# The problem
Pictures excluded, reproduce exactly the lines below from the one with "从接触到铜雕刻工艺,刘华发现" through the one with "Já a Plantor", both included.

# Data
#####

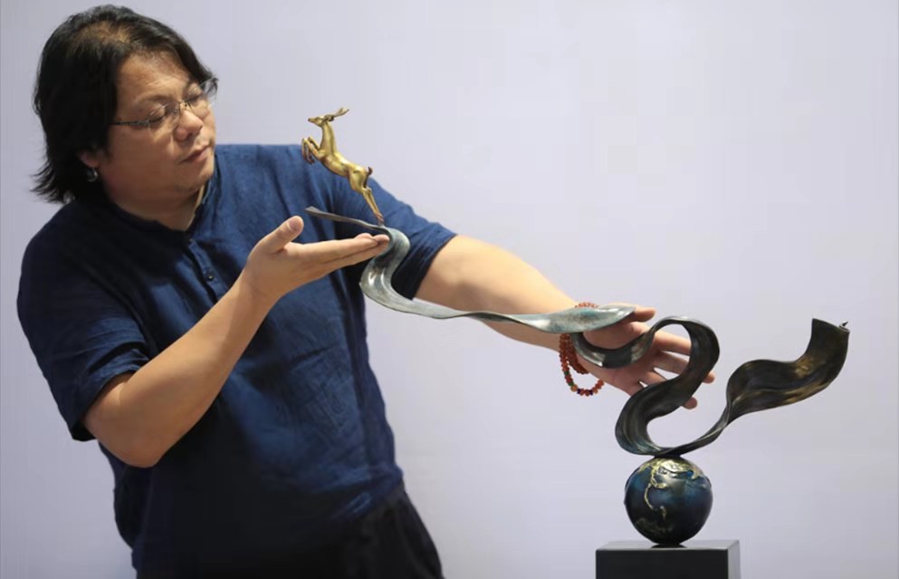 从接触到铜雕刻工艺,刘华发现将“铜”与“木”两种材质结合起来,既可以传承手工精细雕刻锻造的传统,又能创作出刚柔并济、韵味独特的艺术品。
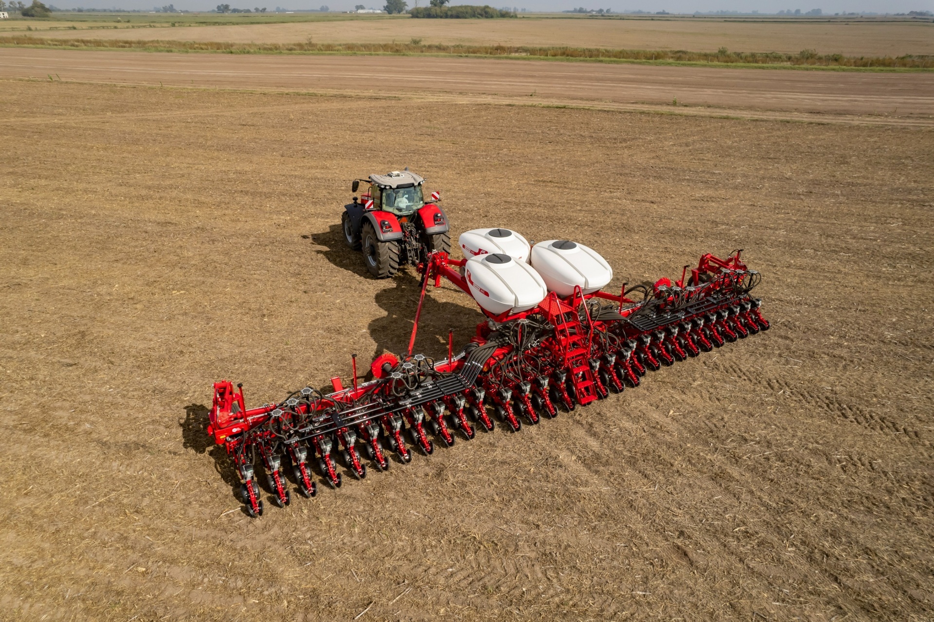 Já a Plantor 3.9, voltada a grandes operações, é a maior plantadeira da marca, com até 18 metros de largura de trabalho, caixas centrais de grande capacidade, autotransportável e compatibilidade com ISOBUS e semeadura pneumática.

#####

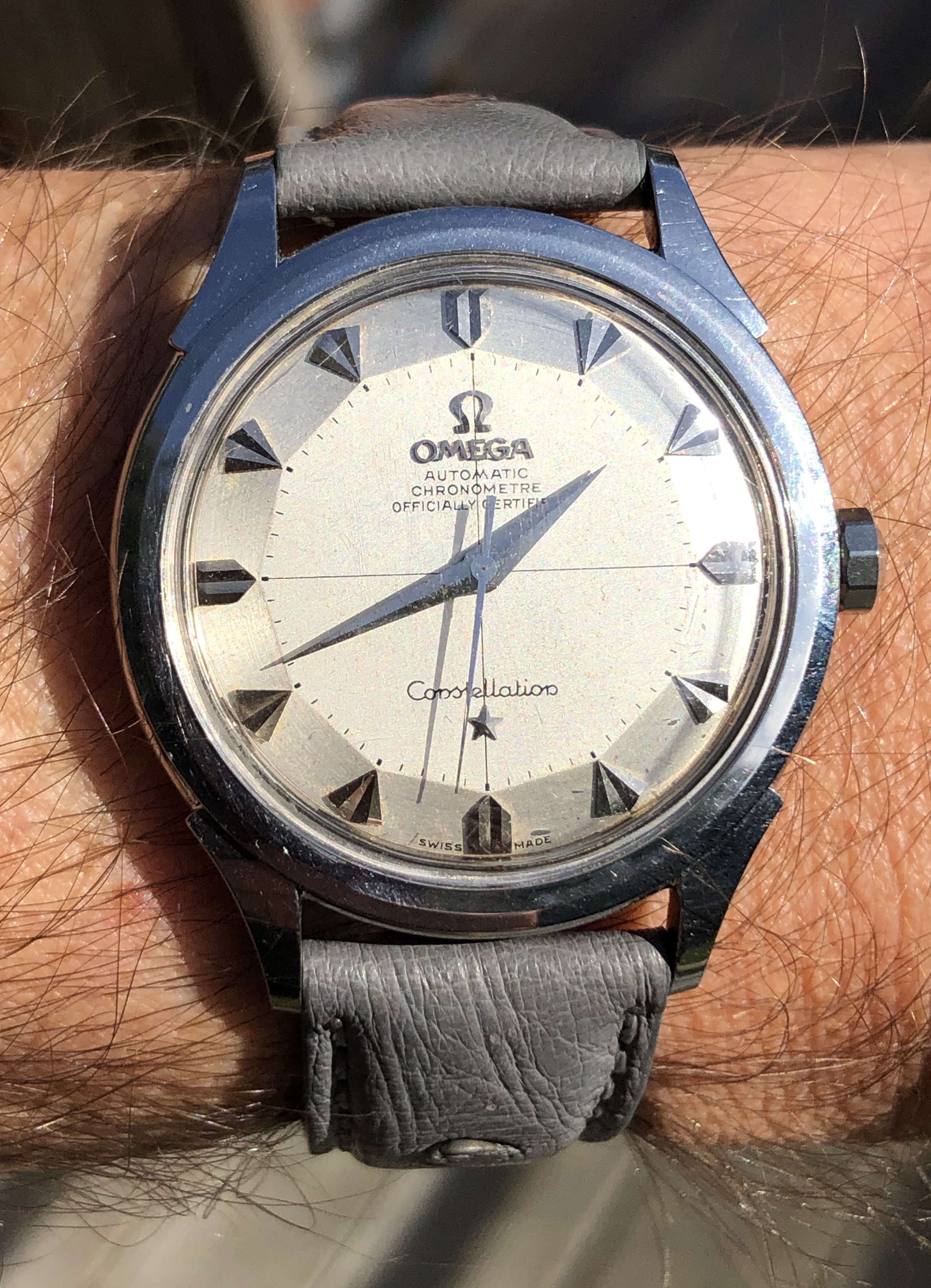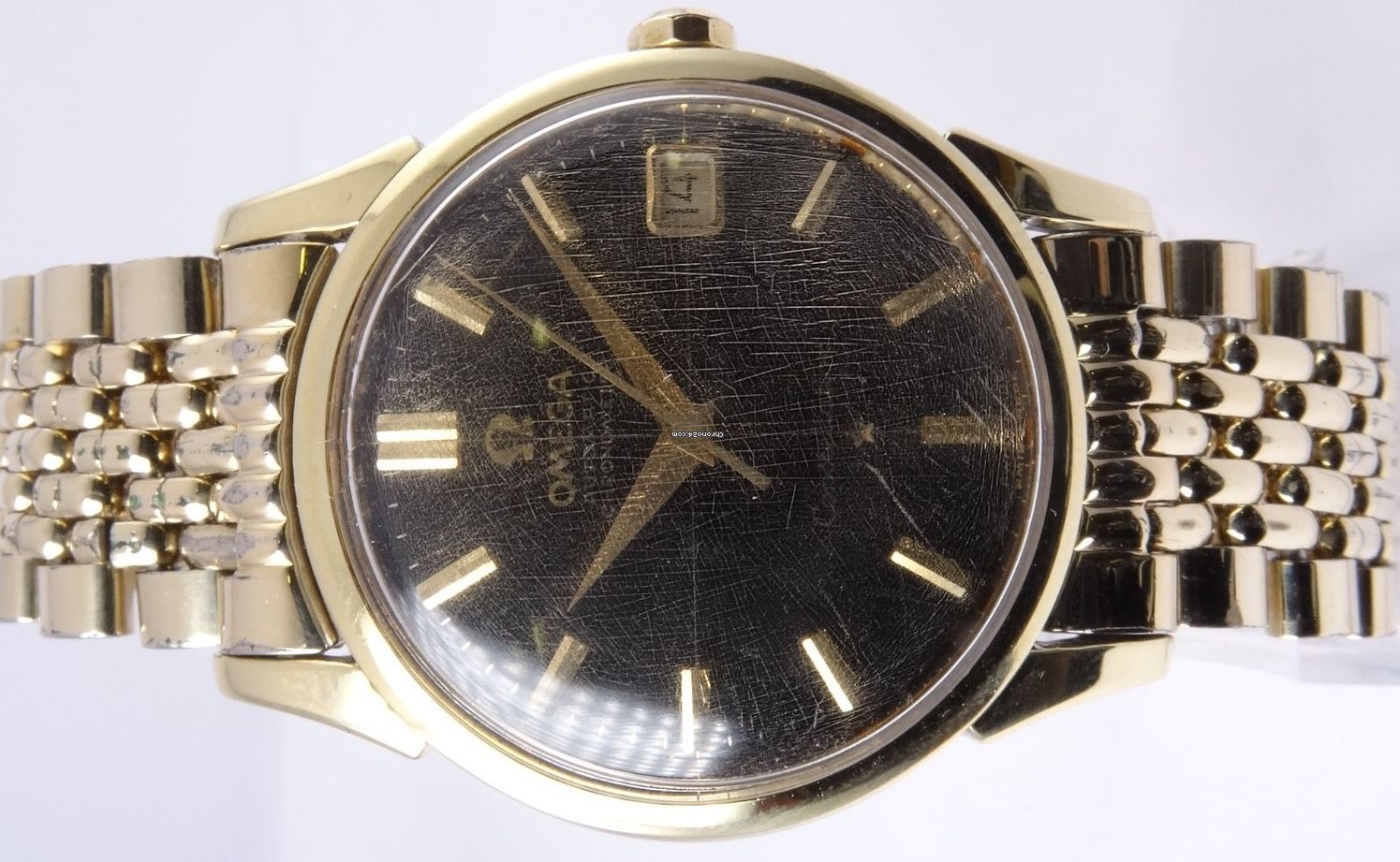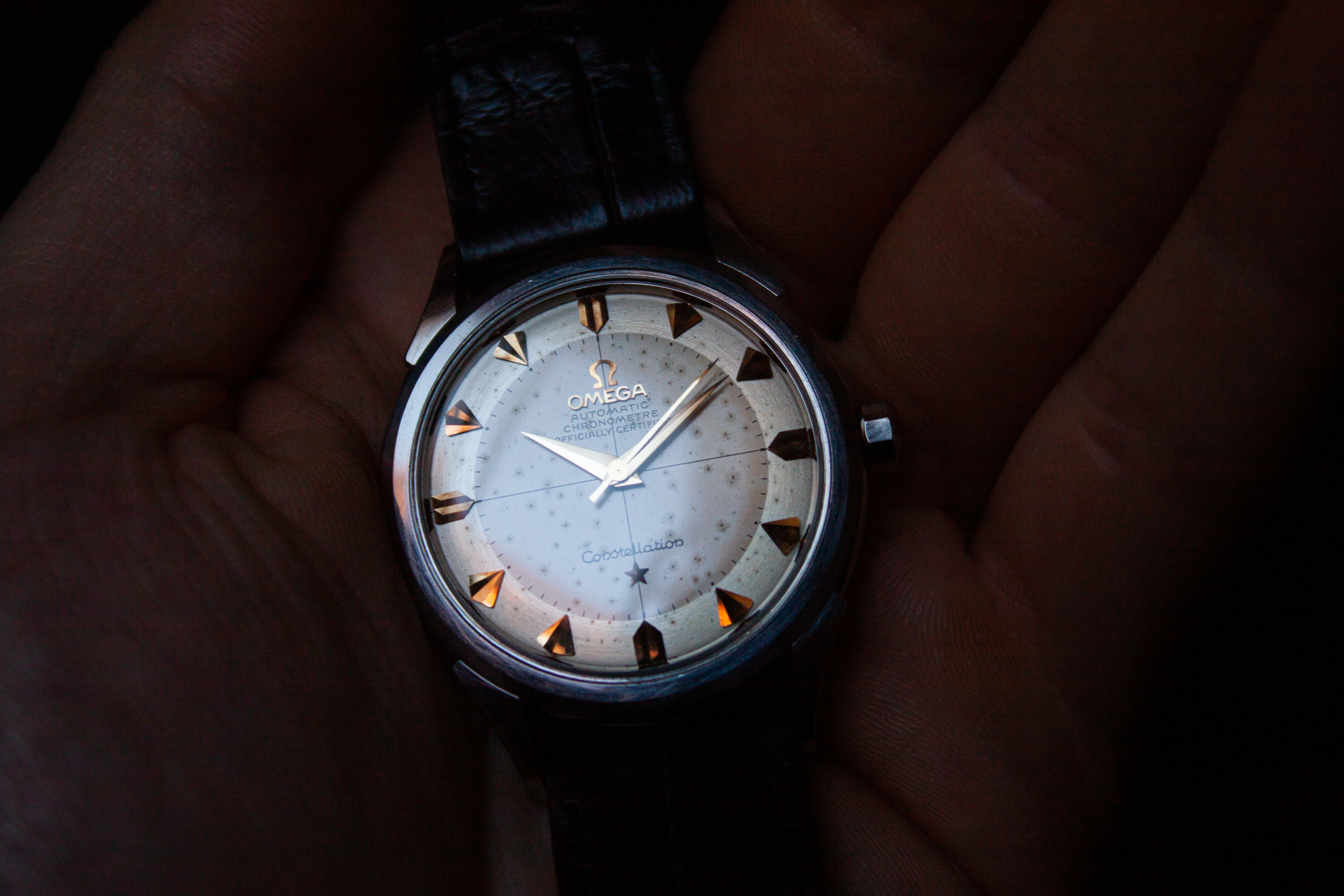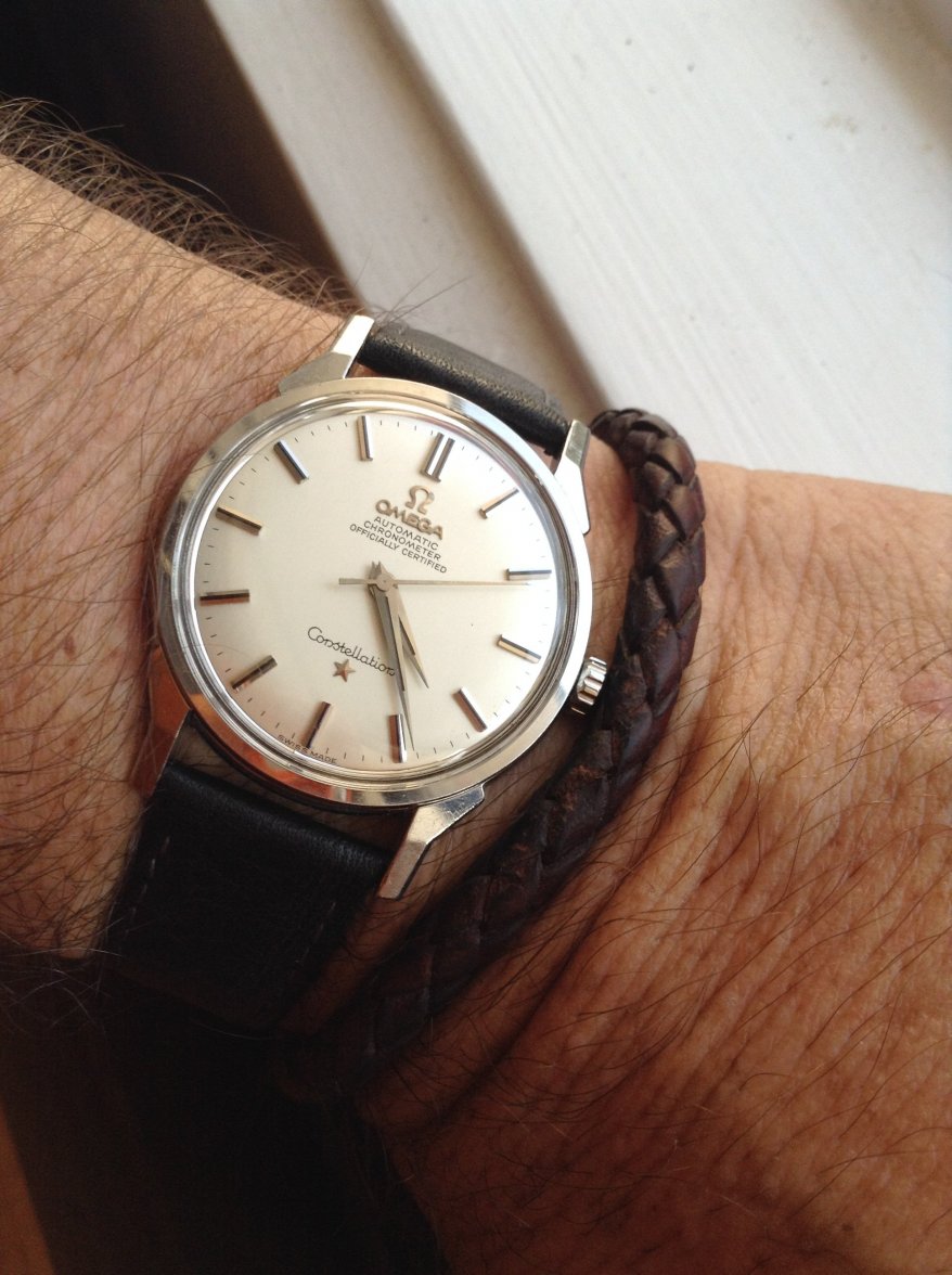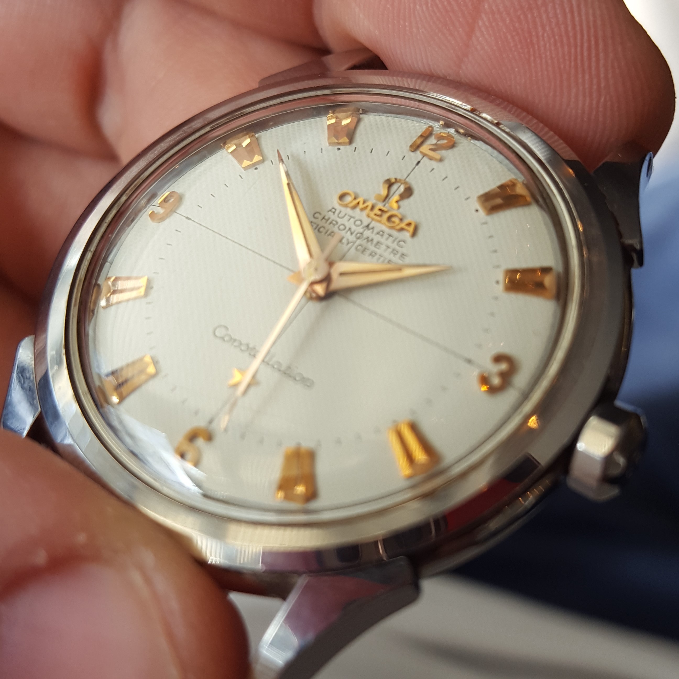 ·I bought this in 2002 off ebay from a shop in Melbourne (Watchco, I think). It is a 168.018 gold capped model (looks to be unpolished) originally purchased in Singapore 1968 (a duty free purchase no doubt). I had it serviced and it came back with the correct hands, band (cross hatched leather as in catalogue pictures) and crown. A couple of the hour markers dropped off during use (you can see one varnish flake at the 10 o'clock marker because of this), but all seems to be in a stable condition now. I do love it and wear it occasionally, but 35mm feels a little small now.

#####

# Your response
 从接触到铜雕刻工艺,刘华发现将“铜”与“木”两种材质结合起来,既可以传承手工精细雕刻锻造的传统,又能创作出刚柔并济、韵味独特的艺术品。
 Já a Plantor 3.9, voltada a grandes operações, é a maior plantadeira da marca, com até 18 metros de largura de trabalho, caixas centrais de grande capacidade, autotransportável e compatibilidade com ISOBUS e semeadura pneumática.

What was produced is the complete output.